SAMPLE LESSON FROM WORDSMITH TEACHER'S GUIDE
Ask the student to read his poem aloud. Locate and comment on at least two lines that appeal to you. If you wrote a poem, read it now and let him tell you what he likes about it. If you both write about the same season, it would be interesting to compare the aspects of the season that affect each of you. If some lines in the poetry seem weak (i.e., vague or uncertain), work together on making them stronger – which nearly always means making them sharper and more specific.
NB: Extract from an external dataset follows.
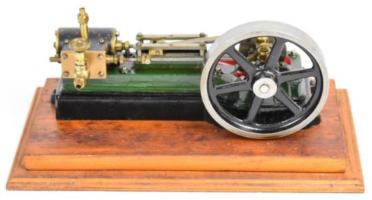 Stuart S50 live steam single cylinder engine with throttle valve and twin drip lubricators to the main bearings, on wooden base, overall length 27cm

In my experience, most young writers are intrigued by poetry once they've actually written a poem; some are even excited by it. I would encourage them to go ahead and write a "collection" of seasons as suggested in 1-B, p. 45. If combining them in a booklet with illustrations seems rather "uncool" to teenagers, you may recruit an artistically-inclined younger child to draw or paint a set of illustrations. If a desired media, such as oil pastels, makes book-making impractical, the pictures may be mounted on a wall or tacked on a bulletin board with the accompanying poem. Use your judgment – if your student is even halfway willing, take the rest of the week to work on the poems. If, on the other hand, he shows no interest whatever, it may be best not to push. Give him the rest of the week off
Write three more poems on the other seasons, following suggestions for Exercise 1-B, p. 45.